こうしているうちにあっという間に時間が過ぎた。フェズの喧騒に心を奪われているうちに、気がついたら時間も流れていたという感じだ。
外はだいぶ暗くなってきた。ガイドのおじさんは、私たちを旧市街の外に連れて行き、タクシーに乗せ、今度は高台の旧市街を見渡せる丘のようなところに連れて行ってくれた。ここから旧市街のきれいな夜景をみせてくれるつもりらしい。
旧市街は砂漠みたいに乾いた大地にある城壁の町、といった感じでまるで日本の町とは雰囲気の違うところだ(当たり前かもしれないが)。城壁に囲まれた町は、日本のように近代的な建物があるわけでもなく、こちょこちょと古い建物がひしめき合っているような感じの町並だ。

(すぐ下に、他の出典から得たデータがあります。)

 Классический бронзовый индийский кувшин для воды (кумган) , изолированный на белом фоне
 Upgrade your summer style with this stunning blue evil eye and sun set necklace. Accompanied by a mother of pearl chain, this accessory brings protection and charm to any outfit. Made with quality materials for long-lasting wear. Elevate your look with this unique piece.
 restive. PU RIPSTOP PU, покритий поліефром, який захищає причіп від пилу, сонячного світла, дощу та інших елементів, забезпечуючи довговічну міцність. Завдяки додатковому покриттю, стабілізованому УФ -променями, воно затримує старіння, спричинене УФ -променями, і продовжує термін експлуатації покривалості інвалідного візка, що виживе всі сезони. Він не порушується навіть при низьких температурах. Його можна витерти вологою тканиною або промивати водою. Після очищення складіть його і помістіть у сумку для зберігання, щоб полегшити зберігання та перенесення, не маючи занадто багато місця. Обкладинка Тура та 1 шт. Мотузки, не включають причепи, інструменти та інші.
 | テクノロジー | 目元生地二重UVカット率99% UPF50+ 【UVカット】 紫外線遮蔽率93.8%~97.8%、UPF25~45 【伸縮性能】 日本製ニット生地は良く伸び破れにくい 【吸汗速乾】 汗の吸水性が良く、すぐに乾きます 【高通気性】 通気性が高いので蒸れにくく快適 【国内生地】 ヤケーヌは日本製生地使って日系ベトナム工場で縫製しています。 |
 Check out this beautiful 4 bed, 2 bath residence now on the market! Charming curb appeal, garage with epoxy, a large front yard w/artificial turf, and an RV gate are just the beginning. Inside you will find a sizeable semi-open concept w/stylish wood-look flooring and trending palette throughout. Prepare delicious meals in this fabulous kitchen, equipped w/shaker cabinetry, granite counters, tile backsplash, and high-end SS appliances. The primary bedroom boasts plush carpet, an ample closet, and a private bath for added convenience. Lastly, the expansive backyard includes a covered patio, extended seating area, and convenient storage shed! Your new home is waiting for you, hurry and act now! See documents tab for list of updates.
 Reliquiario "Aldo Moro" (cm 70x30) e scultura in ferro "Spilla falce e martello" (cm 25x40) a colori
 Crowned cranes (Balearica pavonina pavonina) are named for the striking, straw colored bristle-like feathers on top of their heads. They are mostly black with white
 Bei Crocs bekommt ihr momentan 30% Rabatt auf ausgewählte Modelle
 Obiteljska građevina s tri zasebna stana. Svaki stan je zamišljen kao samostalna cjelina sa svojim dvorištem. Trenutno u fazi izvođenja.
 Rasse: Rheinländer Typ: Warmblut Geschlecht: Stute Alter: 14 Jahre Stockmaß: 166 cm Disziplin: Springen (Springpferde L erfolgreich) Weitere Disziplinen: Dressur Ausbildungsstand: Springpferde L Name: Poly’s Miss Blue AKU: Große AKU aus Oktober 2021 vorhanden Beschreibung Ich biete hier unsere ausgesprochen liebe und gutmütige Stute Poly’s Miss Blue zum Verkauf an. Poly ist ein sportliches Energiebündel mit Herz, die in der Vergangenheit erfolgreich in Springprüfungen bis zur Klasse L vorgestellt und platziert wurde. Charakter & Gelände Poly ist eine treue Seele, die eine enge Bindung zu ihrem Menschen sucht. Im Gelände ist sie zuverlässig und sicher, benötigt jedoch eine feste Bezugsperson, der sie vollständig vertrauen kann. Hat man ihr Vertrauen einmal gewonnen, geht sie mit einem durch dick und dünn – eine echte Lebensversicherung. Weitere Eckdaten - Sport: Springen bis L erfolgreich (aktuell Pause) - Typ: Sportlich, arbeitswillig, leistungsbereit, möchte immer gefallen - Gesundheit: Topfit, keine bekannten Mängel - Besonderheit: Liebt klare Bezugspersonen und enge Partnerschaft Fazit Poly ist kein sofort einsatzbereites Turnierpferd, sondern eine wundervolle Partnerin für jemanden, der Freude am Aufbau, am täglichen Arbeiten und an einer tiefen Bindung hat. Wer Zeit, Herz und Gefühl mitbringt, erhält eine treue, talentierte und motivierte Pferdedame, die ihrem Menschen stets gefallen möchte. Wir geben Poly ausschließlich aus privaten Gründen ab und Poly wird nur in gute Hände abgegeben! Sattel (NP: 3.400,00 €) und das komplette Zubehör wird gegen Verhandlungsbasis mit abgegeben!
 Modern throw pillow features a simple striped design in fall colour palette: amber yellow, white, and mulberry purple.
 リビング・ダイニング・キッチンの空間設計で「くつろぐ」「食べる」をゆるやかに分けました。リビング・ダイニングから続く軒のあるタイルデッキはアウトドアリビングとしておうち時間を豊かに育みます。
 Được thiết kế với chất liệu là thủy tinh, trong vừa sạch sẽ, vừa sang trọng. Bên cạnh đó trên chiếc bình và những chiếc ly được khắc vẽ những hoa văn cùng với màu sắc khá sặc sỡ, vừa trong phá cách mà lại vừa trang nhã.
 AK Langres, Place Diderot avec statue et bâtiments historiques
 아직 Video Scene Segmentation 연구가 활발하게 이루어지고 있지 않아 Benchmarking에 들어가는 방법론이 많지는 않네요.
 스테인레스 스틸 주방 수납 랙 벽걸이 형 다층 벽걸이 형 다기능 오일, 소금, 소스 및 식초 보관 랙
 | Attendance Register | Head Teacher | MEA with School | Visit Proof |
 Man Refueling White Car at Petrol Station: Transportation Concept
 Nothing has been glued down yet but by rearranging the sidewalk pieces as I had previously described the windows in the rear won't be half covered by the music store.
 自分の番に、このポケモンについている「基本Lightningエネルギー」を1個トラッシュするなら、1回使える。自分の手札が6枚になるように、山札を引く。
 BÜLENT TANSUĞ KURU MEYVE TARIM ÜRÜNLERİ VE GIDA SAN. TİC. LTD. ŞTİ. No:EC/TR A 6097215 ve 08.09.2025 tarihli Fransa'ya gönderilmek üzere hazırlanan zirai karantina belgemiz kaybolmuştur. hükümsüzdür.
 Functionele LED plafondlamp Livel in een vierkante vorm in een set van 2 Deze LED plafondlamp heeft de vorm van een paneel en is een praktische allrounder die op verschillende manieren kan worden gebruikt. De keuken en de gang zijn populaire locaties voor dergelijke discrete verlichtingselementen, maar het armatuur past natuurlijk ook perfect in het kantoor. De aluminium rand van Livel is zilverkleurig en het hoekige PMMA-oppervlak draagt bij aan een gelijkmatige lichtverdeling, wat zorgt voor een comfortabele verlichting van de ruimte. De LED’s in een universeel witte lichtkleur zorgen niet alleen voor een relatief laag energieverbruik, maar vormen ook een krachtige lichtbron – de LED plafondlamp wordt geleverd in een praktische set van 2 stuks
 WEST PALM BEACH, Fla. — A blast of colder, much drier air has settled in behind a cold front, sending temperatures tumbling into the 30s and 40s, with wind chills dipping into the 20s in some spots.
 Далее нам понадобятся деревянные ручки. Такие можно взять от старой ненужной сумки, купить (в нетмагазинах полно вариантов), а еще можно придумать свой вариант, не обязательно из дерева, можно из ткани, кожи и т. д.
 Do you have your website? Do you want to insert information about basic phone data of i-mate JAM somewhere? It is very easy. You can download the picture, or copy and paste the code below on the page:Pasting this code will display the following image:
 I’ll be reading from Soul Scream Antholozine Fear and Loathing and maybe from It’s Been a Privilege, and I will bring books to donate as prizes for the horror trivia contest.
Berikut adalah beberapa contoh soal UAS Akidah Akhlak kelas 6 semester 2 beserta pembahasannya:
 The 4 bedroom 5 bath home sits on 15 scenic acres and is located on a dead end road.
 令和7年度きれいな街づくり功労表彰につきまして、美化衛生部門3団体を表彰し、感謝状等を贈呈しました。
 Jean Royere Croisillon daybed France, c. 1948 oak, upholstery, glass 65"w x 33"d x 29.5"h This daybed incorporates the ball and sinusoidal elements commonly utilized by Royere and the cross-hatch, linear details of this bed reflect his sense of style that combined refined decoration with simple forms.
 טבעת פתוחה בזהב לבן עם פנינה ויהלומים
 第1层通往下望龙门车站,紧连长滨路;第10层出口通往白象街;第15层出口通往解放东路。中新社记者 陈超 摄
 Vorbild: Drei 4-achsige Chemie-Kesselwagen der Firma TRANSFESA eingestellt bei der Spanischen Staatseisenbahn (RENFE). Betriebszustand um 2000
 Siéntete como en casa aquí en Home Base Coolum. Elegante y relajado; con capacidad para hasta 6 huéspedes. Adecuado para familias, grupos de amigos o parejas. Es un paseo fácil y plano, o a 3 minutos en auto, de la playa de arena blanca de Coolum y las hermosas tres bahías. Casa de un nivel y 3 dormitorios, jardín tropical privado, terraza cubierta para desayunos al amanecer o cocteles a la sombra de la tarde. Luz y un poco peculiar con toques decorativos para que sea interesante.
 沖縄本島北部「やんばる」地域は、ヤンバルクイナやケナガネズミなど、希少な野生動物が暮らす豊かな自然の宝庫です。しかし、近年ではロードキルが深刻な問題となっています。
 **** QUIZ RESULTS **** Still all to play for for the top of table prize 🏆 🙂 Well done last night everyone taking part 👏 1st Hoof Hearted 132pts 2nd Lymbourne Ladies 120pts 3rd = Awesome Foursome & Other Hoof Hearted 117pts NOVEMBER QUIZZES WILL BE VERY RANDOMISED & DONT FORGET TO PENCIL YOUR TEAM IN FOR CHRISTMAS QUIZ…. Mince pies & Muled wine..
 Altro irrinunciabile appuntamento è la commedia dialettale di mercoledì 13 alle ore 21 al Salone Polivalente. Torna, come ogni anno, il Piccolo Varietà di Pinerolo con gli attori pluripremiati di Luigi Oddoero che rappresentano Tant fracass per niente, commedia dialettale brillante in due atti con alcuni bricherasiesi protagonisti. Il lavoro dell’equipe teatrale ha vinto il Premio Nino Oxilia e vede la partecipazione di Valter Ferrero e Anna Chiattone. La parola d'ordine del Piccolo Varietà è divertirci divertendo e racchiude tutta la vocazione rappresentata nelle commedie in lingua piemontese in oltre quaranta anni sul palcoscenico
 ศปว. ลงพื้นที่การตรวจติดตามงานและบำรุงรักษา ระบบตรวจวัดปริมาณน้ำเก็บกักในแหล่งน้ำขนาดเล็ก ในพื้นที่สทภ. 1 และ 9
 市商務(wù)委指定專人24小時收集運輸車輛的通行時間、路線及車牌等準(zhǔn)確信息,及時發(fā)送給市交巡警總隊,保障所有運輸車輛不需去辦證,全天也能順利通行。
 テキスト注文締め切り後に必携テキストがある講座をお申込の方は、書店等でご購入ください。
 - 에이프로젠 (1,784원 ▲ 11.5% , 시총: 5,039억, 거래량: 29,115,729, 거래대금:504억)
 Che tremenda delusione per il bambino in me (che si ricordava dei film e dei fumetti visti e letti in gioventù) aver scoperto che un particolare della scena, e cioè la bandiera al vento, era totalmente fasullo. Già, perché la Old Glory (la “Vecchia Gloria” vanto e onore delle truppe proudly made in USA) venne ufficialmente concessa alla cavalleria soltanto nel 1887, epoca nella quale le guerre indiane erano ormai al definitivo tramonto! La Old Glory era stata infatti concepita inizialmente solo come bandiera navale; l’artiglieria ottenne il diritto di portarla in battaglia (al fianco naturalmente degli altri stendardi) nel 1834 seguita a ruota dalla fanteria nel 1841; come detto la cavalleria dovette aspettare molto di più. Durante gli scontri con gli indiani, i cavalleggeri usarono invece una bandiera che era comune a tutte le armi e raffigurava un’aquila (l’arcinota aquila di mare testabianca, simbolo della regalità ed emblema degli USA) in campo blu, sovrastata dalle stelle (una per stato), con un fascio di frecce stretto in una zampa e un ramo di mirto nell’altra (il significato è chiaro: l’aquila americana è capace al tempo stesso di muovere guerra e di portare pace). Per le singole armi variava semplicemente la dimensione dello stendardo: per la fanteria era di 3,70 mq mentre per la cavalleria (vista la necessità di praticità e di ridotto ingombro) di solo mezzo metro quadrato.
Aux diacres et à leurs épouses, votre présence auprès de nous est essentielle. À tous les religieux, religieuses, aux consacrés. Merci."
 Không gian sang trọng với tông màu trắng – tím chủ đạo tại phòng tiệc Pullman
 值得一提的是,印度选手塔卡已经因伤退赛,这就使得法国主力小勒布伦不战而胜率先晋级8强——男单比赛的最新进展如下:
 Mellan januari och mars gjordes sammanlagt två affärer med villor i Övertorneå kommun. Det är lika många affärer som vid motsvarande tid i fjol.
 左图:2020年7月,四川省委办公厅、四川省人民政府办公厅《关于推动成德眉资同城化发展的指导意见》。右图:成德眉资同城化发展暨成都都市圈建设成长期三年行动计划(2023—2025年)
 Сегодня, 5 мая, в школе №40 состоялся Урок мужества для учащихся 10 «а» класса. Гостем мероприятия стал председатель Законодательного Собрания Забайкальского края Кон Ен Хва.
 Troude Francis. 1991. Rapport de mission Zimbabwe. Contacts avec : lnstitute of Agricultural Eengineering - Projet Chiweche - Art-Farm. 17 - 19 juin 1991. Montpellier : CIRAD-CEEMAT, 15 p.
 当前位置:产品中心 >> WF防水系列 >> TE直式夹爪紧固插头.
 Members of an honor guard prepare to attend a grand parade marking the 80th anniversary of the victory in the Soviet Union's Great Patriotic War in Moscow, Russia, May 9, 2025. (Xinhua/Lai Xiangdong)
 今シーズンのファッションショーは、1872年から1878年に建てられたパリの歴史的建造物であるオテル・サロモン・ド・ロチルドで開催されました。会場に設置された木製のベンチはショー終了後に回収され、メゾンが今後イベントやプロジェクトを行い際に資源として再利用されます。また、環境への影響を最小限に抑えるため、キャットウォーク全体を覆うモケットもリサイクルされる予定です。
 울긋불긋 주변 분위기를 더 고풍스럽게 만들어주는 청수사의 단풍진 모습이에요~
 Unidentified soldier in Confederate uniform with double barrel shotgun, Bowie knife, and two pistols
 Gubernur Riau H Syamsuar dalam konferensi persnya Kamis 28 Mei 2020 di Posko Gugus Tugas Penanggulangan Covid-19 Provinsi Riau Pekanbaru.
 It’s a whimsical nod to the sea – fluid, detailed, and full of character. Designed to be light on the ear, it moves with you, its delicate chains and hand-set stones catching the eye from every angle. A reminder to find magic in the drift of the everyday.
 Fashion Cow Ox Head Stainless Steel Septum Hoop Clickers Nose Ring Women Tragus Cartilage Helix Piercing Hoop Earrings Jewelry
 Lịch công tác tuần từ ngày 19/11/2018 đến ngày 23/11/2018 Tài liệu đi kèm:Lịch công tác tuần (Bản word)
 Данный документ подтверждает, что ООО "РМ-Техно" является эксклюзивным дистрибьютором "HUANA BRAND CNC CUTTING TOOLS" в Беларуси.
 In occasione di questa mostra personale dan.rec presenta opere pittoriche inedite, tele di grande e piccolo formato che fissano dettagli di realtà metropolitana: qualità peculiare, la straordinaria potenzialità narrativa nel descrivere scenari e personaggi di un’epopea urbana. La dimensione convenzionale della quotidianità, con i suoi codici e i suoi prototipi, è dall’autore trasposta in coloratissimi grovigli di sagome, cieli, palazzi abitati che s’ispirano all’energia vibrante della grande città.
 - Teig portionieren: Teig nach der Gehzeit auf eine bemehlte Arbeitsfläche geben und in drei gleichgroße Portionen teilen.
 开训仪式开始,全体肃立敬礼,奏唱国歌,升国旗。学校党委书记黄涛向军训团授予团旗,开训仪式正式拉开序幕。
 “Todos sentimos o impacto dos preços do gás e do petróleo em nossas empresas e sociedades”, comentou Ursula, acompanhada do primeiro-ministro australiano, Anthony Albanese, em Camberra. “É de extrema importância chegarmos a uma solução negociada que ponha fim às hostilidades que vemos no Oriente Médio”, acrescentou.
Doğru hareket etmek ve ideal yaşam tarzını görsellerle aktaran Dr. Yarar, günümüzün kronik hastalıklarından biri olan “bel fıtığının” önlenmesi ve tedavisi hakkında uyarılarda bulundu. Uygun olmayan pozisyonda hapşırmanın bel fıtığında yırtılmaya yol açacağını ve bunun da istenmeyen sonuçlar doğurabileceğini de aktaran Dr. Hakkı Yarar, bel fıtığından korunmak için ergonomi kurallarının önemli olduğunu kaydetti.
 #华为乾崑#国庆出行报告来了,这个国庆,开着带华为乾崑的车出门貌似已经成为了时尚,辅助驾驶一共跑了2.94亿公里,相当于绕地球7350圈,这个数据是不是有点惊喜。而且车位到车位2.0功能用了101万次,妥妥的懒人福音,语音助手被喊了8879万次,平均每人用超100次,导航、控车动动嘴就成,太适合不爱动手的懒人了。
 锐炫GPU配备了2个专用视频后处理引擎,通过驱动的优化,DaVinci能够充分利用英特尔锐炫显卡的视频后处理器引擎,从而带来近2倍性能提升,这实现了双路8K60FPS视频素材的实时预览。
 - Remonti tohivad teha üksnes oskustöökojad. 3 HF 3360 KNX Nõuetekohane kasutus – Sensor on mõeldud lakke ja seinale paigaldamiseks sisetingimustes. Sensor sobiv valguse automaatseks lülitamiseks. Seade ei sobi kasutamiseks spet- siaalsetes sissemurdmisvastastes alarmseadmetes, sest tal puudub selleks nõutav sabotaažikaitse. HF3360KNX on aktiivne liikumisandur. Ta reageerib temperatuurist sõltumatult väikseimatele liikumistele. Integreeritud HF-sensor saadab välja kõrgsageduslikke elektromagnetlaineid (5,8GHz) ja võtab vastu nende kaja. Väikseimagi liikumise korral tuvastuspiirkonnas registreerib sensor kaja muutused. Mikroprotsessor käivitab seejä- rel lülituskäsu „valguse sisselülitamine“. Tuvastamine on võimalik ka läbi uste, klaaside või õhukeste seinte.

そして夜の旧市街は、日本のように煌々と街灯が明るく照るのとは違い、各建物の壁や窓からオレンジ色薄暗い灯りがもれるようなうっすらとした明るさで、いつも私たちが見慣れている夜景とは明らかに違う。そのうっすらとした不思議な明るさ、それはまるで何百年も前からこんな景色だったのではないかと思わせるような、幻想的な町の夜景だった。
ガイドのおじさんによると、「この景色はエルサレムの町に似ている」とのこと。なるほど、エルサレムはきっとこんな感じの町なのだろうと素直に思う私であった。行ったことはないけど、エルサレムという町のイメージにぴったりくる、そんな風景であった。
夜景を見て、ガイドのおじさんによる私たちの旧市街の観光はお終い。新市街まで戻ってきてガイドのおじさんと別れた。おじさんにここで約束のお金を払った。ここで一気に高いお金をふっかけられたらどうしようかと思ったけど、最初の約束どおり120ディラハムでふっかけられることはなかった(ホッ)。おじさんに20ディラハム(約230円)のチップを払って別れた。